IF he's willing to take the OLE it's good for men's health anyway so it would harm nothing if he's interested.

trifecta
February 23rd, 2016, 02:16 PM
OLE might be good but I think making up lists and proposals, going over everything multiple times, and making sure every I is dotted and T is crossed is probably bad for a pink sway.

1moregirl
February 24th, 2016, 03:46 AM
OLE. Ok - will see what he says. No he hasn't signed it yet. I'm giving him a few more days to read it and take it all in.

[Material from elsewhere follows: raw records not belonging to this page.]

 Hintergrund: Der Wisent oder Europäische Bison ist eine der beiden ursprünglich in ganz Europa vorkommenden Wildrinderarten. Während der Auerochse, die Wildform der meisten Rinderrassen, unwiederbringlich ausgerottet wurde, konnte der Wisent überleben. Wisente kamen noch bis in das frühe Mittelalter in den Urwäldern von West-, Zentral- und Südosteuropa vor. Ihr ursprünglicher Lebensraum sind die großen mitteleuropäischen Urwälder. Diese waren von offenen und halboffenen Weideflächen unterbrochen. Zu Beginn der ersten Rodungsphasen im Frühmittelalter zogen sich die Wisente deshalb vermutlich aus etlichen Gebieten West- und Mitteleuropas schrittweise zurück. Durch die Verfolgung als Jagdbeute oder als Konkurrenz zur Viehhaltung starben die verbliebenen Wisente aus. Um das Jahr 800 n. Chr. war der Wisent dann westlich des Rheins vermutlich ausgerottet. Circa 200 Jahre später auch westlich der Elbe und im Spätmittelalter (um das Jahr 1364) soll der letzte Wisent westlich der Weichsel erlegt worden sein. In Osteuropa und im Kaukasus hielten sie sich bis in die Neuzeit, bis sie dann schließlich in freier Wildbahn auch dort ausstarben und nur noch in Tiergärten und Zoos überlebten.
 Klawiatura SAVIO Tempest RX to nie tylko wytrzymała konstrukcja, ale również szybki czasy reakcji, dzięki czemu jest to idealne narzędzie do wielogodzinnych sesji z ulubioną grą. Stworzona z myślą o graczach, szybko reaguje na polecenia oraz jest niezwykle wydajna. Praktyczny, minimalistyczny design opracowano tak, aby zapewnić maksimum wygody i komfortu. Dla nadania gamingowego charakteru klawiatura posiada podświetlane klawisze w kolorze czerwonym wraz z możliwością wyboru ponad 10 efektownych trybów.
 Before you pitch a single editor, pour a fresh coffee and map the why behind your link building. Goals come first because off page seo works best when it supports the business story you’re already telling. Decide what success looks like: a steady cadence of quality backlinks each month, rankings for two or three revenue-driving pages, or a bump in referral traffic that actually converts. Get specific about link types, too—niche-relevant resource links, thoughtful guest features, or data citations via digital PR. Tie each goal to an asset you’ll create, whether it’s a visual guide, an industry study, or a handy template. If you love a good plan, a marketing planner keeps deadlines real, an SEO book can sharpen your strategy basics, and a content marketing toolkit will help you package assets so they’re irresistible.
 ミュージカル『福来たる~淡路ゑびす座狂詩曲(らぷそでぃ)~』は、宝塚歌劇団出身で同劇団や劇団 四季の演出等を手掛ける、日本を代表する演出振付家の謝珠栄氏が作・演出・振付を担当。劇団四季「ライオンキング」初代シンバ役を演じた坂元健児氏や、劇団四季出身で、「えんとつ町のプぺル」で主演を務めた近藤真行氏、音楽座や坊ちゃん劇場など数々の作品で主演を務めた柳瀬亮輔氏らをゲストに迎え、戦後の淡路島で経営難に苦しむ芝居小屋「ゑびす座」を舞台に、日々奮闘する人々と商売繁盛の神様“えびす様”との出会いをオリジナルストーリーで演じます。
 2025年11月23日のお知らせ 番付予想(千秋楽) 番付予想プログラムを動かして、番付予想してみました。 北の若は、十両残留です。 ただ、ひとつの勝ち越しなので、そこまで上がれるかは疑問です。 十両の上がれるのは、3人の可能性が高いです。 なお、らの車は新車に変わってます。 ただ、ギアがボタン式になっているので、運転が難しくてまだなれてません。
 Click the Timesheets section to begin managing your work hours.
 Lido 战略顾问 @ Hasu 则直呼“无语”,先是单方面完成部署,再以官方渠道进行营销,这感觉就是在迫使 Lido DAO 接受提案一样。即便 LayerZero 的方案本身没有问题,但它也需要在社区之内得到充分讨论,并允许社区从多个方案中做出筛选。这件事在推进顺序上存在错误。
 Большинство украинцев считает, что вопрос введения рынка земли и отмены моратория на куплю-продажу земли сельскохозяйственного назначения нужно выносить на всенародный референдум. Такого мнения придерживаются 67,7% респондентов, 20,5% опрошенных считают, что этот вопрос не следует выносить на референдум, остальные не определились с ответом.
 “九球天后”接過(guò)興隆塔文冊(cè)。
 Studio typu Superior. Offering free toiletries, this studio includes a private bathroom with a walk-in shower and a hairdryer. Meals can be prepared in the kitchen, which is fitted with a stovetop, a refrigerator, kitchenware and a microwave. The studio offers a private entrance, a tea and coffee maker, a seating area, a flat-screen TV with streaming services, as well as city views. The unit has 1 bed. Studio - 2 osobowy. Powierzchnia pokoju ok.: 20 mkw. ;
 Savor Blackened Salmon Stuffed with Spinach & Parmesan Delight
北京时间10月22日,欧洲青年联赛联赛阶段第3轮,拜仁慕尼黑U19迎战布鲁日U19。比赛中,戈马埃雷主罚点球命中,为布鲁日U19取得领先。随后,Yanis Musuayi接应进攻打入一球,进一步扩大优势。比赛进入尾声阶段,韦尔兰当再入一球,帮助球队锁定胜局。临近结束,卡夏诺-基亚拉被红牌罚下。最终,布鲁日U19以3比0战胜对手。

Plus, I have AF and been tired and cranky with it so don't want any discussions to get heated. I know it all sounds silly about the written proposal, but it was really just me putting my wants down on paper and a few things I can improve on to just help him swing my way. ;) we'll see. Hopefully he comes round and hopefully this all bloody works.

maidentomother
February 24th, 2016, 11:06 AM
Honestly, I strongly recommend you focus most on 1. Keeping your husband happy and 2. The sway tactics that REALLY work, I.e. diet and exercise. I'd go completely vegetarian and definitely cut out all red meat. I think diet sways in men too so if he doesn't mind have him eat what you do.

1moregirl
February 24th, 2016, 05:27 PM
Thanks Maiden. We only eat red meat twice a week, or once a week if we are having a meal of fish. I have been a bit skAck on diet lately and I find it really difficult to go without snacks as I end up feeling weak, sick and get the shakes. I must try to have fruit or yoghurt as a snack instead of a bickie. And I must do more exercise, including pelvic floor ones and I think I still have a slight gap in tummy muscles from last pregnancy. Will work on that starting from now.